Part V: Express Consent

1. For the purposes of the requirements set out in Part II, sections 4 and 5, and Part IV, sections 2 and 3, accepted forms of express consent are

  1. written consent, including a completed application form signed by the consumer giving consent to be contacted by way of telecommunications;
  2. oral consent, including
    1. oral consent verified by an independent third party;
    2. oral consent, where an audio recording of the consent is retained by the telemarketer or client of the telemarketer;
  3. electronic consent through the use of a toll-free number;
  4. electronic consent via the Internet; or
  5. consent through other methods as long as a documented record of consumer consent is created by the consumer or by an independent third party.

2. The onus is on the telemarketer and, where applicable, the client of the telemarketer to demonstrate that valid express consent was given by the consumer.

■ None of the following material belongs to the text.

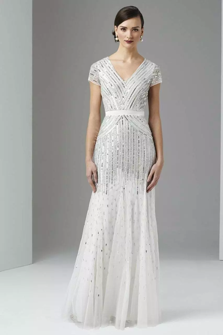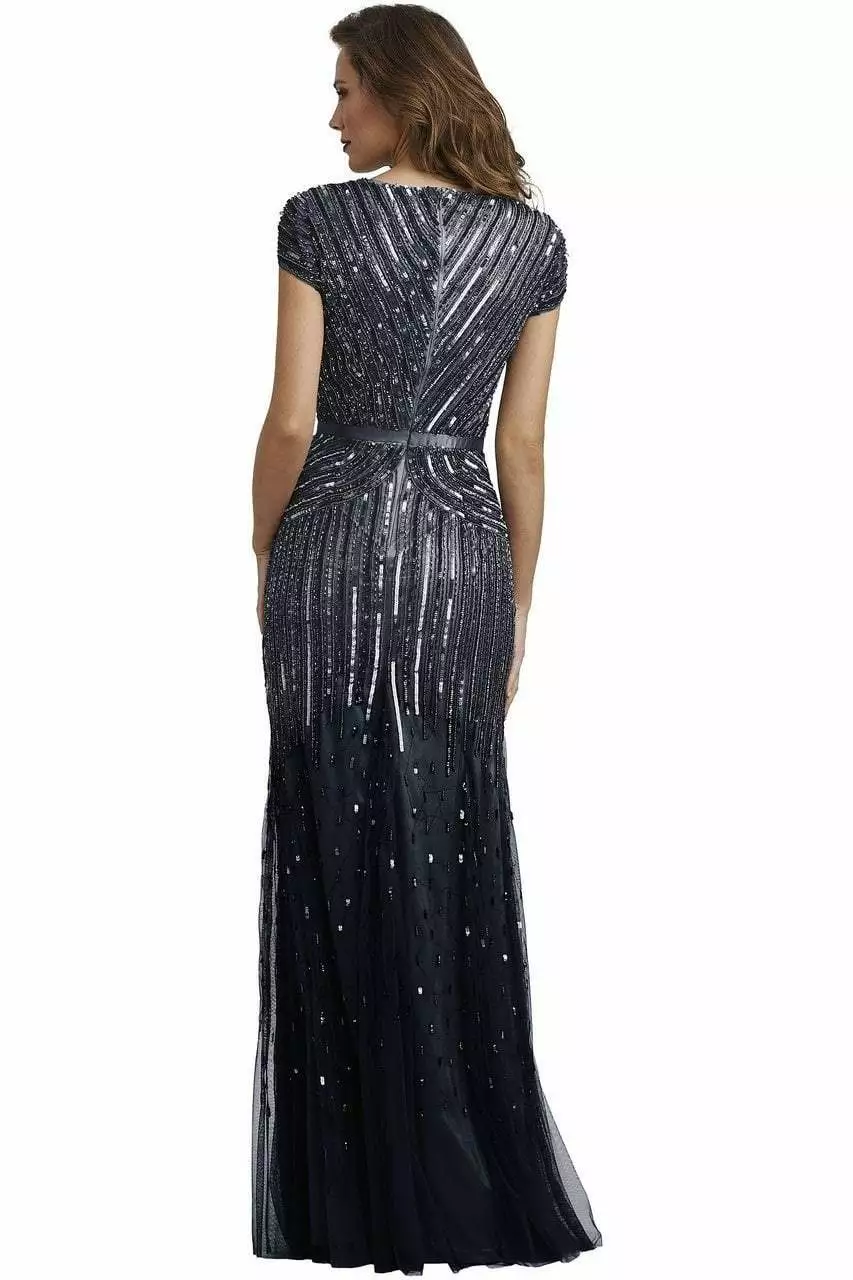 Make everyone stop and stare at your magnificence in this glorious Adrianna Papell 92868950 creation. Intricately embellished with glimmering sequins arranged in a striped trailing motif, this exceptional piece shows off a v-neckline framed with sheer cap sleeves and a full back. Nipped around the natural waist with an inset satin band, the A-line skirt cascades in a spectacle of shimmer as it subtly flares down to brush the floor at a full-length hemline. Make them swoon when you walk in style in this spectacular Adrianna Papell masterpiece. Models are wearing the Gunmetal, Champagne and White colors.

3. A consumer may withdraw his or her express consent at any time.

Part VI: Record Keeping

1. With regard to any records that are required to be kept pursuant to the Unsolicited Telecommunications Rules and any other records kept with regard to unsolicited telecommunications activities that are subject to the Unsolicited Telecommunications Rules:

  1. a telemarketer and a client of a telemarketer may keep the records in any form, and shall do so in the same manner and format as they keep records in the ordinary course of business;
  2. such records shall be maintained in the regular place of business in a manner such that they are readily accessible in order to facilitate the activities authorized under section 72.06 of the Telecommunications Act;
  3. such records shall be provided to the Commission within thirty (30) days of a request from the Commission; and
  4. in the event of any termination of the business of a telemarketer or a client of a telemarketer, a principal of that person shall maintain the records and shall comply with paragraphs (a), (b), and (c). In the event of any sale, assignment, or other change in ownership of the business of a telemarketer or a client of a telemarketer, the successor business shall maintain the records and shall comply with paragraphs (a), (b), and (c).

Part VII: Liability

1. A person will not be held liable for violating the Unsolicited Telecommunications Rules if

  1. the person demonstrates, as part of its due diligence defence, that the telecommunication resulted from an error and that as part of its routine business practices:
    1. the person has established and implemented adequate written policies and procedures to comply with the Unsolicited Telecommunications Rules and to honour consumers' requests that they not be contacted by way of a telemarketing telecommunication;
    2. the person provides adequate ongoing training to employees and makes all reasonable efforts to ensure that adequate ongoing training is provided to any person assisting in its compliance with the Unsolicited Telecommunications Rules and any written policies and procedures established under paragraph (i);
    3. the person uses the National DNCL obtained from the National DNCL operator no more than thirty-one (31) days prior to the date any telemarketing telecommunication is made;
    4. the person uses the telemarketer's or, where applicable, the client of the telemarketer's do not call list that was updated no more than thirty-one (31) days prior to the date any telemarketing telecommunication is made;
    5. the person uses and maintains records documenting a process to prevent the initiation of a telemarketing telecommunication to any telecommunications number that has been registered for more than thirty-one (31) days on the National DNCL, the telemarketer's do not call list or, where applicable, the client of the telemarketer's do not call list;
    6. the person monitors and enforces compliance with the Unsolicited Telecommunications Rules and its written policies and procedures, referred to in paragraph (i); and
    7. in the case of a person that has retained a telemarketer to engage in telemarketing on its behalf, the person has entered into an agreement between itself and the telemarketer requiring that the latter comply with the Unsolicited Telecommunications Rules.
  2. In the case when a telemarketing telecommunication is made to a consumer's telecommunications number registered on the National DNCL, the person demonstrates that at the time of the telecommunication:
    1. the consumer had an existing business relationship, within the meaning of subsection 41.7(2) of the Telecommunications Act, with the telemarketer or, as applicable, the client of the telemarketer;
    2. the telemarketing telecommunication qualified under one of the other exemptions specified in subsection 41.7(1) of the Telecommunications Act;
    3. the consumer was a business;
    4. the person had a personal relationship with the recipient consumer of the telemarketing telecommunication; or
    5. there was valid prior express consent from the consumer to be contacted via a telemarketing telecommunication by the telemarketer or, as applicable, the client of the telemarketer.
  3. The circumstances described in paragraphs (a) and (b) are not exhaustive.

Secretary General

Footnotes

[1] The Commission notes that for clarity, it has added definitions for "Complaints Investigator delegate" and "National Do Not Call List operator" to Part I of the Appendix and notes that the rules adopted in this Decision are indicated with an asterisk (*) in the left margin.